Content starts
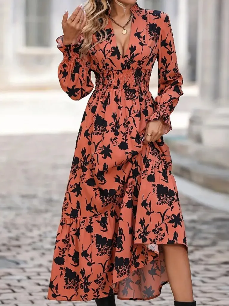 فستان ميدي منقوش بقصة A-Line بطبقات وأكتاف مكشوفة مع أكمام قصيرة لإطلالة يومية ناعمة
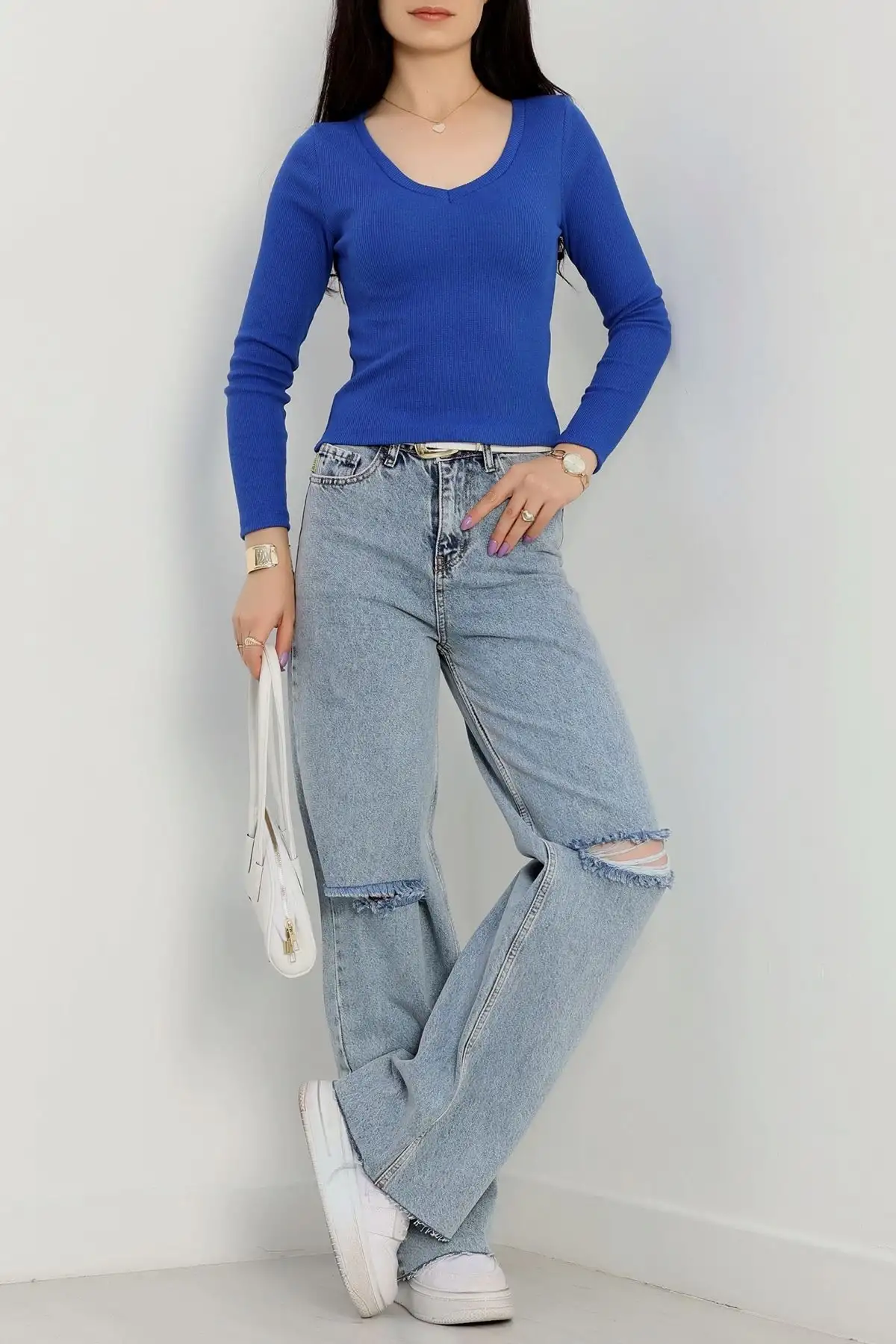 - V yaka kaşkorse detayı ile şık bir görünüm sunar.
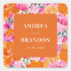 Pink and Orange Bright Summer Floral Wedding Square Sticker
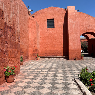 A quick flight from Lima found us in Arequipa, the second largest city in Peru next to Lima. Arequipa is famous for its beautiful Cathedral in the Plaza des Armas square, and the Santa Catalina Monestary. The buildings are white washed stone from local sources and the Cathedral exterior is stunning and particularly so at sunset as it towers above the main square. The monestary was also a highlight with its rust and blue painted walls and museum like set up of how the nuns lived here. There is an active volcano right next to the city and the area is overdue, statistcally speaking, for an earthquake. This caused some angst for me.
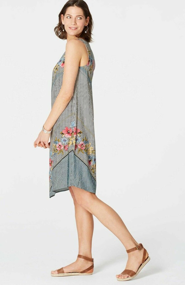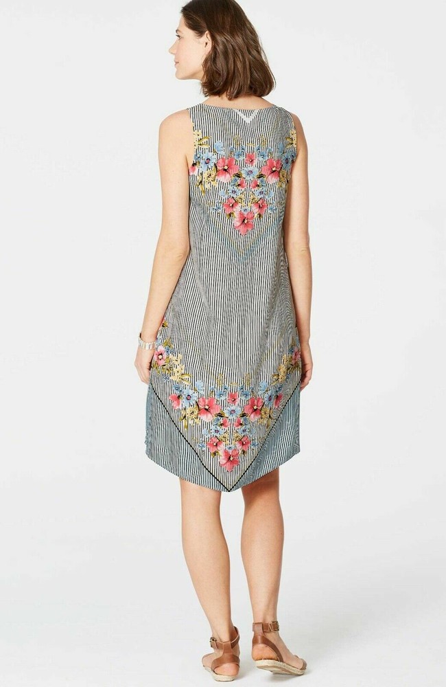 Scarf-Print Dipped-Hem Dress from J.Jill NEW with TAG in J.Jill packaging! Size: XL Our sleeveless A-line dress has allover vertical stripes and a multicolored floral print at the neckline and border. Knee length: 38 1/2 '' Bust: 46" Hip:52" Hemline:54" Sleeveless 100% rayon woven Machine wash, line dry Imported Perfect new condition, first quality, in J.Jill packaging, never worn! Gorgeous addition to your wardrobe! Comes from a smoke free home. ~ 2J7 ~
Content ends
Task to complete ▸
Please restate the lines above exactly, starting at the first line of the data and stopping at the line containing "A quick flight", which is included. Omit pictures.

Response to the exercise ▸
 فستان ميدي منقوش بقصة A-Line بطبقات وأكتاف مكشوفة مع أكمام قصيرة لإطلالة يومية ناعمة
 - V yaka kaşkorse detayı ile şık bir görünüm sunar.
 Pink and Orange Bright Summer Floral Wedding Square Sticker
 A quick flight from Lima found us in Arequipa, the second largest city in Peru next to Lima. Arequipa is famous for its beautiful Cathedral in the Plaza des Armas square, and the Santa Catalina Monestary. The buildings are white washed stone from local sources and the Cathedral exterior is stunning and particularly so at sunset as it towers above the main square. The monestary was also a highlight with its rust and blue painted walls and museum like set up of how the nuns lived here. There is an active volcano right next to the city and the area is overdue, statistcally speaking, for an earthquake. This caused some angst for me.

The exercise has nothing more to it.